И вот так не осталось людей, понимавших, как страшно то, что произошло. В Корее такие были, они распознали опасность "weak character", а в России уже некому было распознавать. Так и идет, и сегодня. Все – левые и правые, диссиденты и труженики КГБ – сошлись на теплой мысли о гнилье западного либерализма. Нам оно не надо. Те, кто пытались что-то понять, мало что могли сделать даже для своего собственного образования. На то оно и зовется education, самоучкой трудновато. Лучшие из них, приезжая на Запад – Солженицин, Бродский – показали, насколько страшненькие в России даже диссиденты. Подумайте – двум Нобелевским лауреатам, писателю и поэту, нельзя было предложить место профессора русской литературы в более-менее известном американском университете. Не справятся. (См. книгу Эллендеи Проффер, "Бродский среди нас"; она есть на обоих языках).
А когда позже на Запад хлынул наш широкий эмигрантский поток, люди пониже и пожиже, стало ясно, что те первые не были исключениями. Mы все с "weak character", все страшненькие. По закону критической массы, в Америке, Канаде и Европе это не вызвало больших хлопот. Даже удобно – дай такому дом, машину и зарплату, и он будет делать техническую работу, не теребя начальство вопросами об окружающей среде и правах женщин и гомосексуалистов. Но Израиль страна небольшая, компенсирующей массы там не хватает, поэтому в большой мере из-за русского потока страна двигается в направлении, вызывающем тревогу коренных израильтян, становится неким изгоем в западном мире. Как и положено по корейскому трафарету, люди с "weak character" винят не себя, а Х; в данном случае за Х идет "антисемитизм".
Подытожим
Эти вещи очень непростые, они трудные. Мозгу трудно изучать себя самое.
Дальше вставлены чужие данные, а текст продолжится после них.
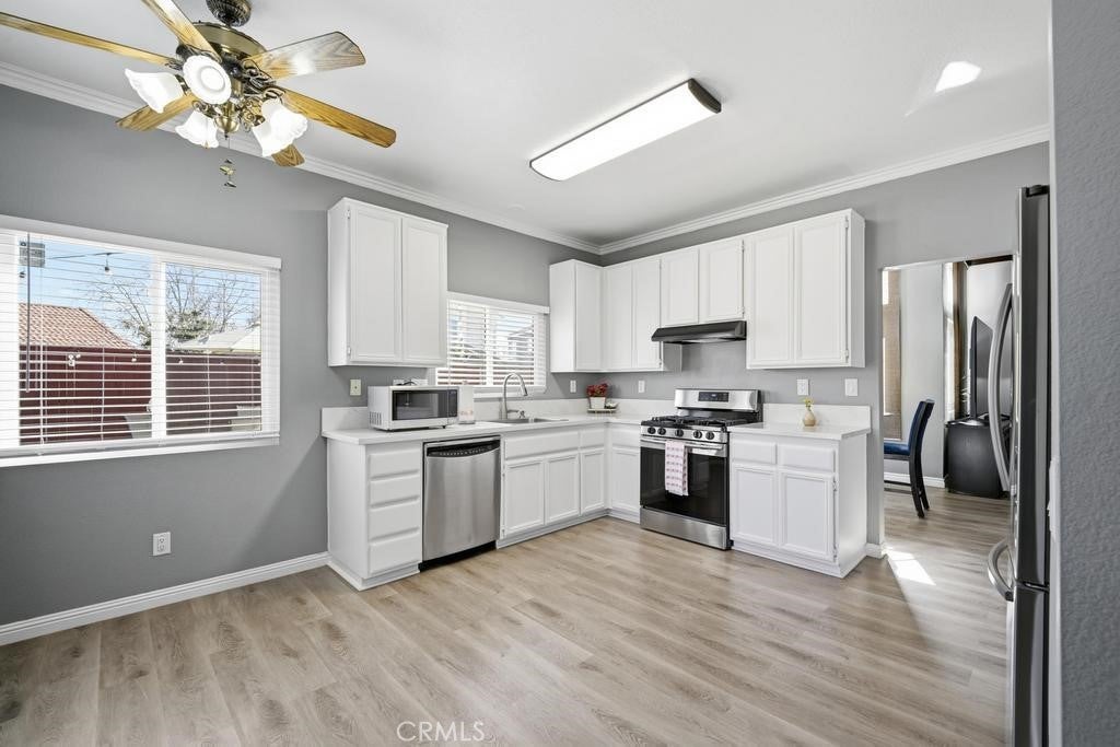 Welcome to 45664 Balmoral Court, Lancaster, CA a thoughtfully re-imagined residence located on a quiet cul-de-sac, where refined upgrades meet everyday livability. This beautifully updated home showcases engineered flooring throughout the entire first level, paired with new plush carpeting upstairs, creating a seamless blend of sophistication and comfort. The fully remodeled downstairs kitchen serves as the heart of the home, offering timeless finishes, clean lines, and functionality designed for both entertaining and daily living. Extensive improvements deliver true peace of mind, including new windows, new mechanical systems, a new garage door, and all-new main line plumbing upgrades rarely found and highly valued by today’s discerning buyers. Adding to its appeal, the property features fully paid solar, providing long-term energy efficiency and meaningful savings. The outdoor space has been meticulously curated with new pavers, a partially new perimeter fence, and a detached storage shed, creating a private and versatile backyard ideal for entertaining, relaxing, or future customization.

Нельзя задать вопрос, которого не знаешь, тем более о самом себе. Ну как, каким образом я могу придти к выводу, что мое образование сделало меня моральным инвалидом? Люди, способные поставить под вопрос свои моральные принципы, редки. Порой такие вещи вдруг высвечиваются сами, в незапланированном тесте. Один такой тест – реакция стран Европы на сегодняшний поток мигрантов из Азии. Западная и Восточная Европа вдруг разбились на две четкие группы. Восточная Европа отгораживается от них колючей проволокой и собаками, а Западная Европа бросается им помогать. Венгры и поляки кричат о возможных страшных последствиях от приема десяти тысяч мигрантов-мусульман – и всё вроде правильно говорят – а Германия примет таких за год 800000. Посчитайте пропорцию...
Получается, что немцы – сумасшедшие, не понимают опасности. Все знают, что немцы не сумасшедшие, но этот нюанс как-то не обсуждается. Потому что если этот вопрос поставить, придется обсуждать себя.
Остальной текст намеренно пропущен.